* [Your assignment] Please copy out the full listing that follows exactly; no picture belongs in the copy.

* [Material provided]
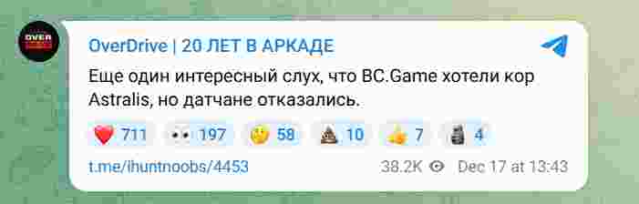 OD写道:“另有一则有意思的传闻,BC.Game曾有意收购Aastralis的核心阵容,但这支丹麦战队回绝了这笔交易。”
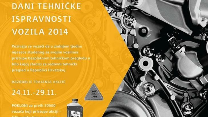 Od 24. do 29. studenog održava se tradicionalna preventivno sigurnosna akcija „Dani tehničke ispravnosti vozila 2014.“ Hrvatski autoklub poziva vozače na provjeru tehničkog stanja vozila sudjelovanjem u tradicionalnoj besplatnoj, edukativnoj, preventivno-sigurnosnoj akciji “Dani tehničke ispravnosti vozila 2014.”, koju sljedećeg tjedna zajednički provode stanice za tehnički pregled vozila i stručne organizacije, Hrvatski autoklub i Centar za vozila Hrvatske te Ministarstvo unutarnjih poslova, pod pokroviteljstvom Nacionalnog programom sigurnosti cestovnog prometa. Akcija počinje u ponedjeljak 24. studenog i završava u subotu 29. studenog 2014. i provodi se na cijelom teritoriju Republike Hrvatske. U sklopu akcije vozači mogu obaviti besplatan tehnički pregled vozila, u svih 159 redovnih stanica za tehnički pregled vozila. U HAK-u napominju kako se ova dragovoljna akcija ne odnosi na vozače koji u razdoblju njenog provođenja svoje vozilo moraju podvrgnuti redovnom tehničkom pregledu radi produljenja valjanosti prometne dozvole odnosno registracije vozila. Cilj akcije je skrenuti pozornost vozačima na važnost tehničke ispravnosti vozila u kontekstu cestovne sigurnosti, jer je vozilo, uz vozača i cestu, ključan čimbenik te sigurnosti. Tehnička ispravnost velikim dijelom ovisi o načinu na koji se vozači i vlasnici vozila odnose prema automobilima i koliko u njih ulažu.
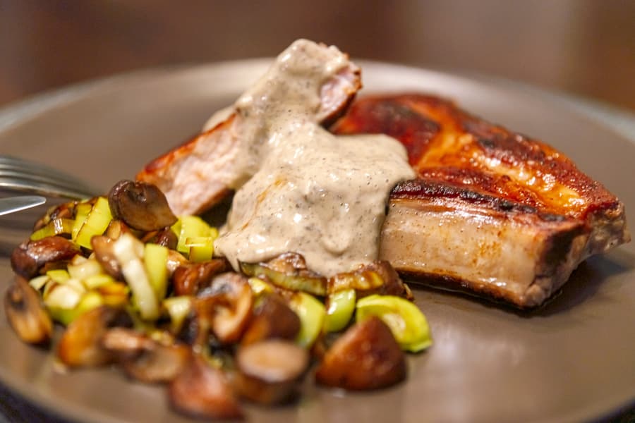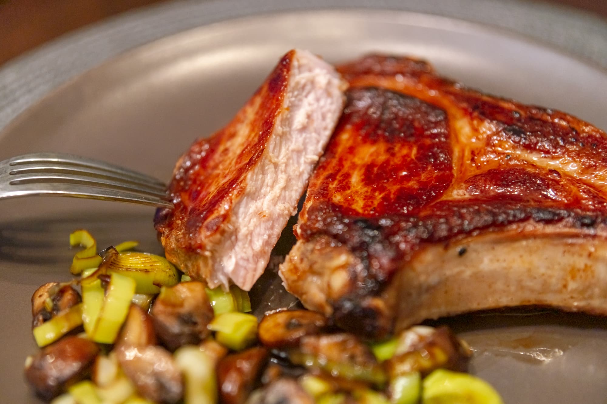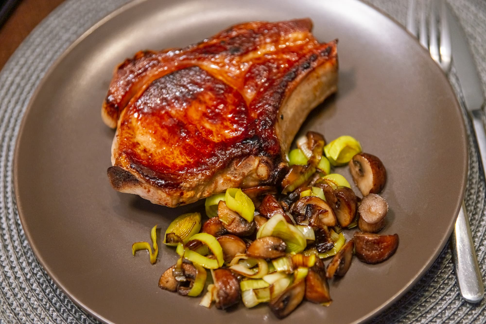 На максимальной мощности мясо приобрело красивую аппетитную корочку с обеих сторон за 8 минут. Потом мы снизили нагрев до 6, накрыли сковородку крышкой и довели свинину до готовности. На это ушло еще 5 минут.

* [Solved problem]
 OD写道:“另有一则有意思的传闻,BC.Game曾有意收购Aastralis的核心阵容,但这支丹麦战队回绝了这笔交易。”
 Od 24. do 29. studenog održava se tradicionalna preventivno sigurnosna akcija „Dani tehničke ispravnosti vozila 2014.“ Hrvatski autoklub poziva vozače na provjeru tehničkog stanja vozila sudjelovanjem u tradicionalnoj besplatnoj, edukativnoj, preventivno-sigurnosnoj akciji “Dani tehničke ispravnosti vozila 2014.”, koju sljedećeg tjedna zajednički provode stanice za tehnički pregled vozila i stručne organizacije, Hrvatski autoklub i Centar za vozila Hrvatske te Ministarstvo unutarnjih poslova, pod pokroviteljstvom Nacionalnog programom sigurnosti cestovnog prometa. Akcija počinje u ponedjeljak 24. studenog i završava u subotu 29. studenog 2014. i provodi se na cijelom teritoriju Republike Hrvatske. U sklopu akcije vozači mogu obaviti besplatan tehnički pregled vozila, u svih 159 redovnih stanica za tehnički pregled vozila. U HAK-u napominju kako se ova dragovoljna akcija ne odnosi na vozače koji u razdoblju njenog provođenja svoje vozilo moraju podvrgnuti redovnom tehničkom pregledu radi produljenja valjanosti prometne dozvole odnosno registracije vozila. Cilj akcije je skrenuti pozornost vozačima na važnost tehničke ispravnosti vozila u kontekstu cestovne sigurnosti, jer je vozilo, uz vozača i cestu, ključan čimbenik te sigurnosti. Tehnička ispravnost velikim dijelom ovisi o načinu na koji se vozači i vlasnici vozila odnose prema automobilima i koliko u njih ulažu.
 На максимальной мощности мясо приобрело красивую аппетитную корочку с обеих сторон за 8 минут. Потом мы снизили нагрев до 6, накрыли сковородку крышкой и довели свинину до готовности. На это ушло еще 5 минут.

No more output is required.